Organically bound trace minerals, in contrast—typically called chelates—are trace minerals bound, for example, to a single amino acid or small peptide from hydrolyzed soy protein. Chelates have higher binding strength and are therefore better protected against antagonistic effects in the intestine. As a result, trace minerals are better absorbable and metabolizable, with a direct impact on the animal’s health, well-being, and productivity. E.C.O.Trace^® trace minerals are organically bound to the amino acid glycine with numerous advantages over inorganic trace minerals.
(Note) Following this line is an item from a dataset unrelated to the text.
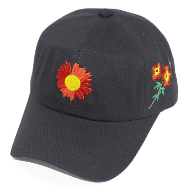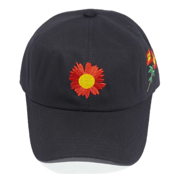 Nón kết hoa cúc trước mặt và bên hông – Đen hoa đỏ
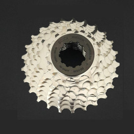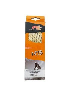 la cadenilla PYC Chain para sistemas de 7 velocidades, en un elegante acabado dorado. Esta cadenilla está diseñada para proporcionar cambios suaves y eficientes, asegurando una transmisión de potencia confiable en cada pedaleada. Fabricada con materiales de alta calidad, ofrece una excelente resistencia al desgaste y a la corrosión, garantizando una larga vida útil. Perfecta para ciclistas que buscan combinar rendimiento y estilo.

E.C.O.Trace^® glycinates have been successfully used in feeding high-performance animals for over 15 years and the superior absorption of E.C.O.Trace^® minerals over inorganic sulfates has been demonstrated in scientific studies. We have extensive experience in organically bound trace minerals—contact us to find out how E.C.O.Trace^® glycinates can benefit your animals and your business.

Trace minerals can only provide nutritional value to the animal when they are absorbed. It is not only sufficient to have the correct amount of trace minerals but also the source of trace minerals matters greatly. This is especially important in today’s animal production environment, where the pressure continues to increase to raise healthy animals with less waste.